■ EXERCISE DATA:
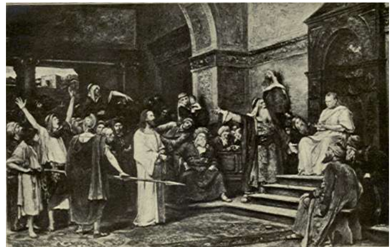
JESUS BEFORE PILATE

But Pilate did not believe it. He already knew something about Jesus. He knew that the priests had delivered him for envy, because they feared that he would influence the people against them. He knew that the King of the Jews had undertaken no quarrel against Rome. So he took Jesus into his palace, leaving the council and the crowd outside, and said, "Art thou the King of the Jews?" Jesus answered, "Why do you ask? Do you say this of yourself, or did others tell it of me?" Pilate replied, "Am I a Jew? Thine own nation and the chief priests have delivered thee unto me: what hast thou done?" Jesus said, "I am indeed a king, but not of an earthly kingdom. In my kingdom there is neither crown nor army. I was born and came into the world that I should bear witness to the truth. The kingdom of God which I preach is the kingdom of the truth." Pilate did not understand. "What is truth?" he said. But it was plain that here was no cause for the interference of a Roman governor. He went out to the multitude before the palace door, and said, "I find no fault in him at all."
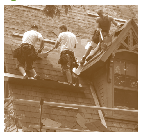
The steeply-pitched roof of the Gothic Revival Cottage made installation more complicated than a standard roof.

Cedar Hill Cemetery Foundation received grants from the 1772 Foundation in partnership with Preservation Connecticut and the William and Alice Mortensen Foundation to support the Cemetery's preservation efforts.
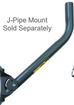
J-Pipe Mount Sold Separately
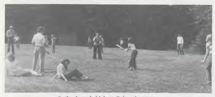
Enthusiasm is high at Galax elementary.
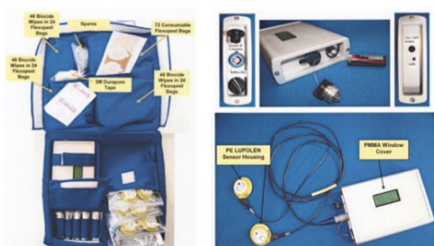
Figure 2 Space suitable mobPhysioLab® is currently used at the International Space Station (ThermoLab).
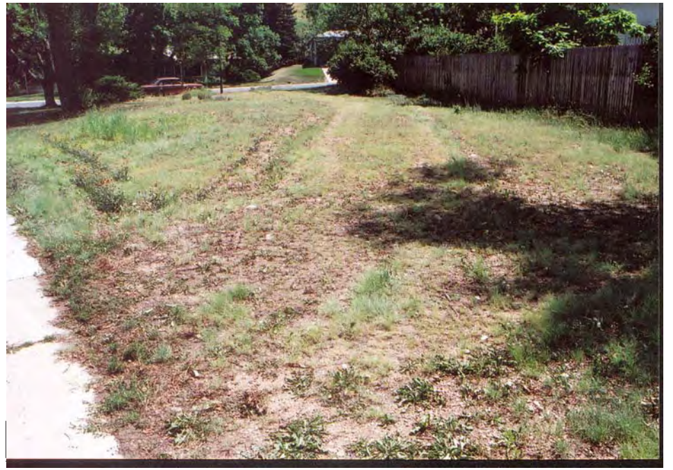
Photograph 28. July 29, 2001.
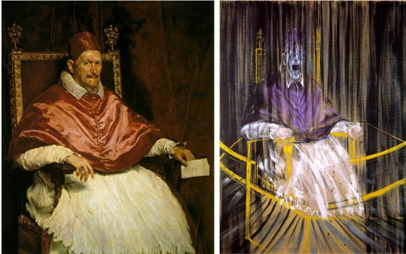
Figure 1 (Saleh et al.)
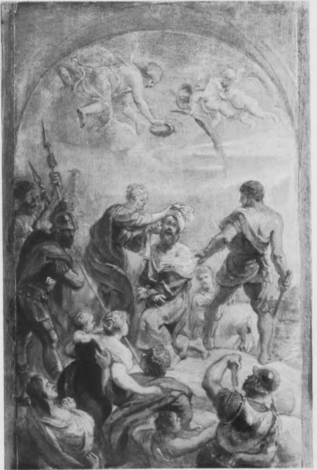
91. Rubens, The Martyrdom of St. Paul . oil sketch (No. 137a). Present whereabouts unknown

■ TASK DIRECTIONS:
The copy should hold exactly the lines above from the one with "The steeply-pitched roof" through the one with "Enthusiasm is high at Galax elementary.", both ends counted, and no pictures at all.

■ WORKED SOLUTION:
The steeply-pitched roof of the Gothic Revival Cottage made installation more complicated than a standard roof.

Cedar Hill Cemetery Foundation received grants from the 1772 Foundation in partnership with Preservation Connecticut and the William and Alice Mortensen Foundation to support the Cemetery's preservation efforts.
J-Pipe Mount Sold Separately
Enthusiasm is high at Galax elementary.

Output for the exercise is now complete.